[Start of Attachment]

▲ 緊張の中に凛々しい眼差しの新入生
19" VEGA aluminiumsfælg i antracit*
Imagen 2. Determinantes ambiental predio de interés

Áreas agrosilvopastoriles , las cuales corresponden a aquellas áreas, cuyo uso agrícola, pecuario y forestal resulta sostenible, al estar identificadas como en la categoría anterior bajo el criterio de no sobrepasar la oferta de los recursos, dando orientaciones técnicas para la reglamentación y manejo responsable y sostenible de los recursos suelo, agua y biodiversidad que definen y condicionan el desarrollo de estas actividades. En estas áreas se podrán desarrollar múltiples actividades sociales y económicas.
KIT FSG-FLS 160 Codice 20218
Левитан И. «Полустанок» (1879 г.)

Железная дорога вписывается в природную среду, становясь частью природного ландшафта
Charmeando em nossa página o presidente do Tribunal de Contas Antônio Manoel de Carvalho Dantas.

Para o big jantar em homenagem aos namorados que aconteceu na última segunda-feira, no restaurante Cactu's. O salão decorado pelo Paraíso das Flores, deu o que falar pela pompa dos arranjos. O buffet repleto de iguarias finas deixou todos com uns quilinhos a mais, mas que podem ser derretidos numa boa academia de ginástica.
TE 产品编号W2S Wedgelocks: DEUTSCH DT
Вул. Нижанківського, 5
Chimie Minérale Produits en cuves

[End of Attachment]
[Start of Attachment]

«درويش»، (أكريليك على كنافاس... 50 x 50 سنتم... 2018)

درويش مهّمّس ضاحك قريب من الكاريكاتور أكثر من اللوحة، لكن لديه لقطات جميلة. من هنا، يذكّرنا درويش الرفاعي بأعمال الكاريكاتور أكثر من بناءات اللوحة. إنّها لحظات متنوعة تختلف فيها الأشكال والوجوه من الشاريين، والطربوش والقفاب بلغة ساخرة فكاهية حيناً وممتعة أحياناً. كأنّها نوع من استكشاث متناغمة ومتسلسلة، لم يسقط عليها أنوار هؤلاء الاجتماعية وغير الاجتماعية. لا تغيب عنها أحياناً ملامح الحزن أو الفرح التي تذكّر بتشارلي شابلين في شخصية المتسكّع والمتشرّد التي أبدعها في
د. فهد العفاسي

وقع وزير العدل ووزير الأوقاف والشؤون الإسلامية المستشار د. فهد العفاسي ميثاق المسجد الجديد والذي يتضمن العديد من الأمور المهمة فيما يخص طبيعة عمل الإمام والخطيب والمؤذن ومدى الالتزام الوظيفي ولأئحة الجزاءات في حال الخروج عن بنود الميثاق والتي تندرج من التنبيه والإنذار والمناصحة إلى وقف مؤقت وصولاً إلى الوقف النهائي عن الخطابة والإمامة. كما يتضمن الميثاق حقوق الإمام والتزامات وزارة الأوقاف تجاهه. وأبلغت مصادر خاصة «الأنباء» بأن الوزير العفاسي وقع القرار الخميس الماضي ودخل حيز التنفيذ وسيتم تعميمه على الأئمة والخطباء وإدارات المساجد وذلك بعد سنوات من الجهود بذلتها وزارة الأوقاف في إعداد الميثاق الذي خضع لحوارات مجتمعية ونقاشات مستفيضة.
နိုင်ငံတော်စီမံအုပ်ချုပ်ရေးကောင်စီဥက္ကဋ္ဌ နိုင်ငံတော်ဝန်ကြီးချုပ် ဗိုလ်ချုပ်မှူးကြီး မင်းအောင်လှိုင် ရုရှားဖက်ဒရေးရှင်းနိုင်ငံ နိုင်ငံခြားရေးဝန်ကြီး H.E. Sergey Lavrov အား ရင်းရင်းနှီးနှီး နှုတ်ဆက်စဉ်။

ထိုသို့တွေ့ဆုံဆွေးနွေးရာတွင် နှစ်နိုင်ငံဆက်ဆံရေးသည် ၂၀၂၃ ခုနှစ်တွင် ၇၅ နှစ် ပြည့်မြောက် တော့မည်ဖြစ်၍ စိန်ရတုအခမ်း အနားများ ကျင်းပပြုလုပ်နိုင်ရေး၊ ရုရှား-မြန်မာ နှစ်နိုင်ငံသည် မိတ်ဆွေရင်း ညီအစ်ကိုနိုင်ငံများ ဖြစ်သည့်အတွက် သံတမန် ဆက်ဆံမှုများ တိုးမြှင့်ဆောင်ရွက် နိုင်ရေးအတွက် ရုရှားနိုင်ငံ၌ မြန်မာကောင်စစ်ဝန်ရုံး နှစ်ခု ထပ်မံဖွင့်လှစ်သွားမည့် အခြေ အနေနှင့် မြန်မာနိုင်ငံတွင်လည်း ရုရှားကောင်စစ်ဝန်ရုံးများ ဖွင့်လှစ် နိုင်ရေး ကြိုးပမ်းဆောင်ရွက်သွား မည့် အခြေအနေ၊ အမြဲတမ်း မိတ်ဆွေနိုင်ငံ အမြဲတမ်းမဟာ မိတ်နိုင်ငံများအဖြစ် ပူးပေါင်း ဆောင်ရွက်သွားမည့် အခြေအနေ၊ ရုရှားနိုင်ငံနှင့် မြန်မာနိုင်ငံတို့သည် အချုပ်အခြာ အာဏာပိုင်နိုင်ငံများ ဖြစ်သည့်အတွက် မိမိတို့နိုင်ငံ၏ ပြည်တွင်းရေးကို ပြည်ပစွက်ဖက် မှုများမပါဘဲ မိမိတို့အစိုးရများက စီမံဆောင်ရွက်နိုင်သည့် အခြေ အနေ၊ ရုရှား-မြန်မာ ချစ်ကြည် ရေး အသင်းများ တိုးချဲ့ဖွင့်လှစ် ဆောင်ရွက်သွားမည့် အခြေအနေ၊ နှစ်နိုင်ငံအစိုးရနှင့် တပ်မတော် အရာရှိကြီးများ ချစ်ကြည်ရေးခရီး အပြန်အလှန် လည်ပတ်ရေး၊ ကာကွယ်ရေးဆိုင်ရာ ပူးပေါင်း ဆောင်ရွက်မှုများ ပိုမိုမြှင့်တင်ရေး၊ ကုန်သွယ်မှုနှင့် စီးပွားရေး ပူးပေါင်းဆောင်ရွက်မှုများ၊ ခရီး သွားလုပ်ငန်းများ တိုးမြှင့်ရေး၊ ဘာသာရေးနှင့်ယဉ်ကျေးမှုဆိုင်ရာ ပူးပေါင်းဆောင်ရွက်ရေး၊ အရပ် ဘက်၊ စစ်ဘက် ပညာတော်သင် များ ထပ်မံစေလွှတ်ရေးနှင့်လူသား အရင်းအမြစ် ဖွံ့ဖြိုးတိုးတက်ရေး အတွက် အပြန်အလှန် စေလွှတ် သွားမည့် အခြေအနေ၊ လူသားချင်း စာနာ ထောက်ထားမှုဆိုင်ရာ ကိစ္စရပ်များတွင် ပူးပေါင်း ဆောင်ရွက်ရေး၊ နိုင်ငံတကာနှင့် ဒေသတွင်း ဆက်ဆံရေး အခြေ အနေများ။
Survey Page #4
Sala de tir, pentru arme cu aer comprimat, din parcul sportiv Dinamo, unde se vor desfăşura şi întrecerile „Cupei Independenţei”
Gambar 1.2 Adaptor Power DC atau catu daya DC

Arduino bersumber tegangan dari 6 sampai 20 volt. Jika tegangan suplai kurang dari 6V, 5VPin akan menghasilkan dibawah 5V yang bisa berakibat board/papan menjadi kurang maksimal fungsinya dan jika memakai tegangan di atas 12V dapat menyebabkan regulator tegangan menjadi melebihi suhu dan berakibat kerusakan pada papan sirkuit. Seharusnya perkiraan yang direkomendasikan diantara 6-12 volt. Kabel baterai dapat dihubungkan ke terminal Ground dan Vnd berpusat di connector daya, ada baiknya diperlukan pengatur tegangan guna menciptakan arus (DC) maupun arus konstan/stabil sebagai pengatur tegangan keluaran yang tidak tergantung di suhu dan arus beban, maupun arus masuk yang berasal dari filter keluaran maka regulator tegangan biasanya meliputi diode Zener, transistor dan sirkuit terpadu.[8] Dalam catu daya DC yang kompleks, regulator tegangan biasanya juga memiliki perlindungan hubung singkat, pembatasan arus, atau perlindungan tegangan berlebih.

[End of Attachment]

Would you please filter the lines above and copy every one that includes "درويش"?

«درويش»، (أكريليك على كنافاس... 50 x 50 سنتم... 2018)
درويش مهّمّس ضاحك قريب من الكاريكاتور أكثر من اللوحة، لكن لديه لقطات جميلة. من هنا، يذكّرنا درويش الرفاعي بأعمال الكاريكاتور أكثر من بناءات اللوحة. إنّها لحظات متنوعة تختلف فيها الأشكال والوجوه من الشاريين، والطربوش والقفاب بلغة ساخرة فكاهية حيناً وممتعة أحياناً. كأنّها نوع من استكشاث متناغمة ومتسلسلة، لم يسقط عليها أنوار هؤلاء الاجتماعية وغير الاجتماعية. لا تغيب عنها أحياناً ملامح الحزن أو الفرح التي تذكّر بتشارلي شابلين في شخصية المتسكّع والمتشرّد التي أبدعها في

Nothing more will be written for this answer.